Most likely all seven proteins of plant succinate dehydrogenase are single-copy subunits of the 150-kD complex, because the sum of their apparent molecular masses (153 kD) is very close to the apparent molecular mass of this protein complex on Blue-native gels (150 kD). Furthermore, probably no additional subunits form part of this complex.

The AOX Does Not Form Part of Respiratory Supercomplexes

AOX represents a characteristic oxidoreductase of the respiratory chain of plant mitochondria.

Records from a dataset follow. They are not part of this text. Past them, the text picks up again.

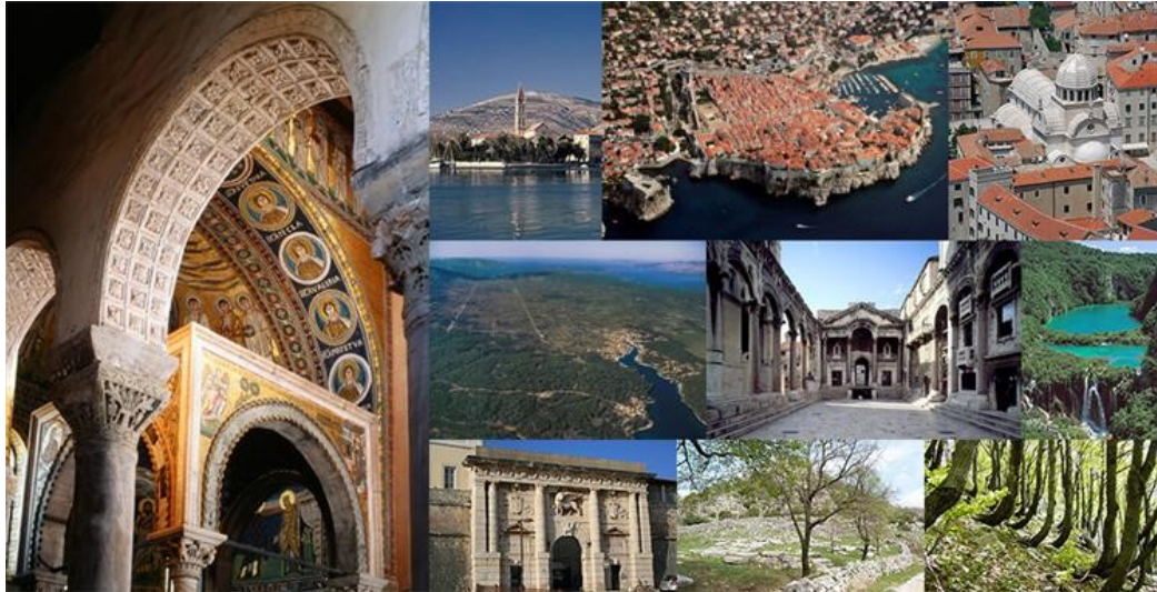
Slika 1. Nepokretna kulturna dobra Republike Hrvatske na UNESCO-ovoj listi
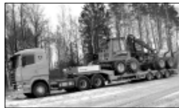
Treilera pakalpojumi. Tālr. 29113399.

Tālāka ārstēšana pie profesora J.Ķīša Rīgā, F. Sadovņikova ielā 20, 214. kabinets, tālrunis 28699111. Vairāk informācijas - http:// www.dermatologs.com .
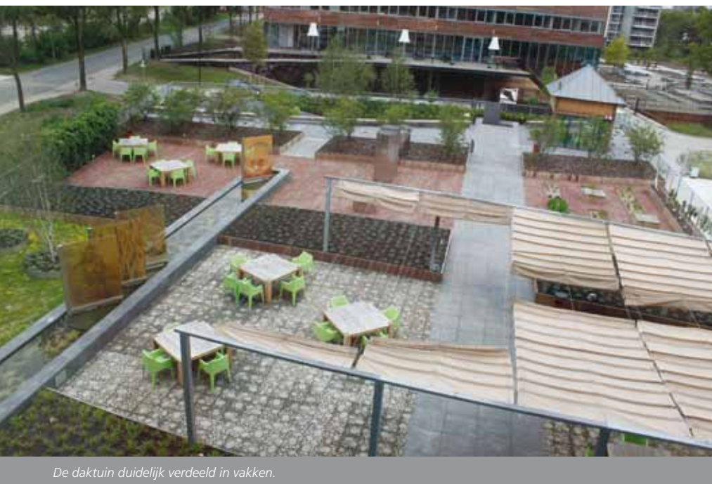
De daktuin duidelijk verdeeld in vakken.

Doordat de bouw al in een vergevorderd stadium was op het moment dat de HAS-studenten met het ontwerp van de daktuin aan de slag gingen, moesten zij creatief omgaan met de bestaande harde gegevens. Zo kon de daktuin door de
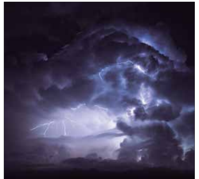
Tempesta de llamps Vilafranca del Penedès - 2021
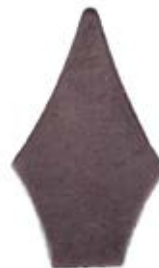
PUNTA TROQUELADA #3
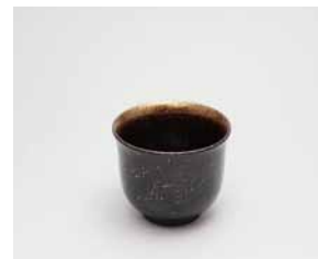
YX-013 盃 銀河 端反 黒 直径5.8cm×高さ4.9cm
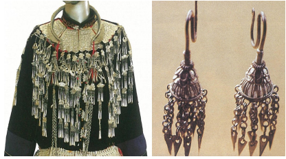
<그림 14> 좡족 귀걸이, 목걸이, 팔찌 (출처: 中国编织服饰大全6 (p.395,400) 류정. 2005, 텐진: 천진인민출판사.)
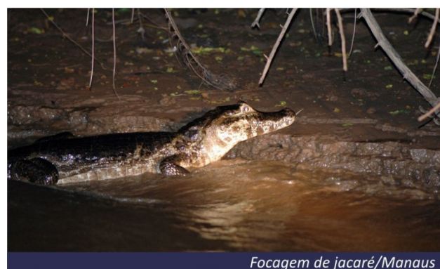
Focagem de jacaré/Manaus
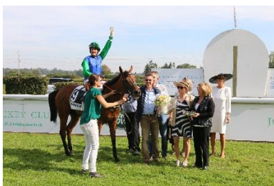
VALROSE gewinnt für den Stall Aventicum den «Jockey Club-Gentlemen's Cup»
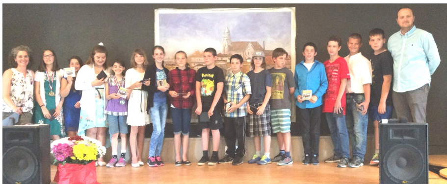
Gala des sourires 2017

Le gala des sourires : 2010 était la première année d'un Gala des Sourires ayant pour but de féliciter les élèves, d'offrir un spectacle de variétés et de célébrer les finissants de l'année.
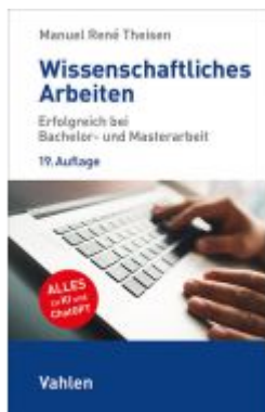
Wissenschaftliches Arbeiten Ladenpreis: 19,50EUR

Wir haben andere Produkte gefunden, die Ihnen gefallen könnten!

Its possible association with the complexes I to V after digitonin-solubilization of mitochondrial protein fractions was investigated by two-dimensional Blue-native/SDS gel electrophoresis and immunoblotting using a monoclonal antibody directed against AOX from Sauromatum guttatum (Elthon et al. 1989). On the two-dimensional gels, the antibody reacts with a protein of 32 kD in bean and Arabidopsis, which forms a smear on the first gel dimension between 30 and 300 kD (Fig. 7). Therefore, AOX seems not to form part of any supercomplexes but rather aggregates under the conditions applied. Also the rotenone-insensitive NAD(P)H dehydrogenases are not attached to respiratory protein complexes or super-complexes as investigated by similar experiments using antibodies directed against these proteins (data not shown).

Figure 7.

Figure 7.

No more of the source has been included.